2023-10-24 Hyrax Fedora 6 Working Group
Date
Oct 24, 2023(Hybrid meeting at Samvera Connect in Philadelphia)
Participants
@Jon Dunn
@Randall Floyd
@Daniel Pierce
@Juliet Hardesty
@Collin Brittle - notetaker
@Ayoub Belemlih
@Bradley Watson
@Kevin Kochanski
@Emily Porter
@Ben Pennell
@Dan Field
@Rob Kaufman
@Rebekah Kati
@Jeremy Friesen
@Karen Cariani
@tamsin johnson
@Stuart Kenny
Apologies
@Arran Griffith
Goals
Discussion topics
Time | Item | Presenter | Notes |
---|---|---|---|
|
|
| |
|
|
|
|
Notes
Background: use cases doc: https://docs.google.com/document/d/15CPJxVIhriCcnzn2boomfWAJvZ3mwN7KDiPHLvvlS2w/edit?usp=sharing
Daniel presented update on Hyrax-Valkyrie-Fedora 6 work as part of this morning’s Hyrax update.
Need to consider a new chair/convener for the WG
Contact Arran Griffith or Dan Field if interested
Two options for metadata storage
Binary storage, first proposed by Oxford, versus text storage
Binary storage is similar to what Valkyrie does
Tamsin mentioned working on producing a graph from Valkyrie, but that needs predicates, text.
Binary JSON would be saved on disk as a file, and returned as a file.
Not as well preserved if a binary blob.
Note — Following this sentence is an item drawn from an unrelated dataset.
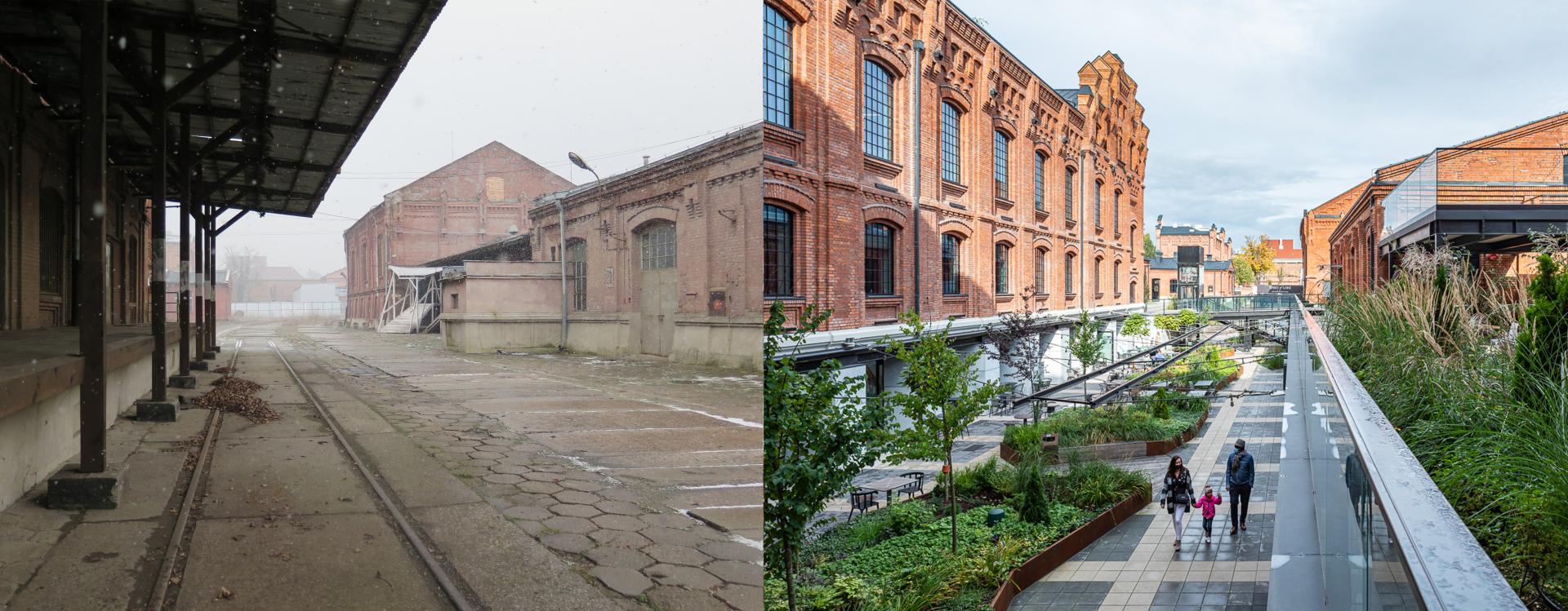 The aim of the project was to change the former factory of vodka production into a public space open to all people. This was achieved by opening all gates and entrances to the investment area and even relocating historic fragments of brick fences. Thanks to this, the city of Lodz, instead of a closed and inactive production plant, gained a new place on the map of urban public spaces. In addition, a huge amount of carefully selected greenery has appeared in the entire complex. From the industrial facility, we have a friendly and green place to spend time.

Better preservation as triples, as it is human readable.
A JSON (text) file would be better
Postgres adapter is adaptable to use other SQL storage, but is designed to work with Postgres first.
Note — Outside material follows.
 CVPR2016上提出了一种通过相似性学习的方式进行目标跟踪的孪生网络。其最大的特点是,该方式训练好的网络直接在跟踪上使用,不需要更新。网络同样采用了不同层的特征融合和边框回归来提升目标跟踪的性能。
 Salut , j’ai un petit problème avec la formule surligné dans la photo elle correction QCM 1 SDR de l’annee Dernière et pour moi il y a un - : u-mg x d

Plan is to implement JSON as a secondary format once the initial work is done.
Need to loop in Metadata IG?
Potential for storing some metadata as binary if there is less interaction with it.
Sirenia exists as a proof of concept, is ready to play with. https://github.com/samvera/hyrax/blob/main/docker-compose-sirenia.yml
May become part of Dev Congress
Would be nice to start doing performance testing.
A nurax-style environment would be helpful - in the works
Issues w/ Hyrax + Fedora 4 start around 4K AF objects in a collection, or 100 filesets in an object (which is around 40K+ objects in Fedora). Can force the issue by limiting the amount of memory that Fedora has.
There is a test script that can be shared.
Can use Bulkrax to script up performance testing
Bulkrax is mostly ready for use with Valkyrie
The representation of fiesets as being part of the work node exacerbates the performance issue
Group should revisit the charter and discuss if changes are necessary given the progress in implementation.
Is migration in-scope-able? SoftServ has a metadata migration adapter (No files, yet).
Largest questions are around representation of binaries in Fedora
Another issue is around pairtree id problem.
Another future topic is Archival Groups
How or if they are created may become a configuration option in the adapter.
Performance differences between atomic and archival versioning? On Dan’s TODO list.
Now working against bare metal, will be working with TACC.
Fedora UI, analytics, user admin are also going to get an overhaul.
How is provenance tracked? It’s not, but that use case has come up for Fedora before.
Hyrax interacts with Fedora as one, anonymous user
Fedora provides a log of actions that could be used as an audit log.
To track provenance effectively, Hyrax would need to change.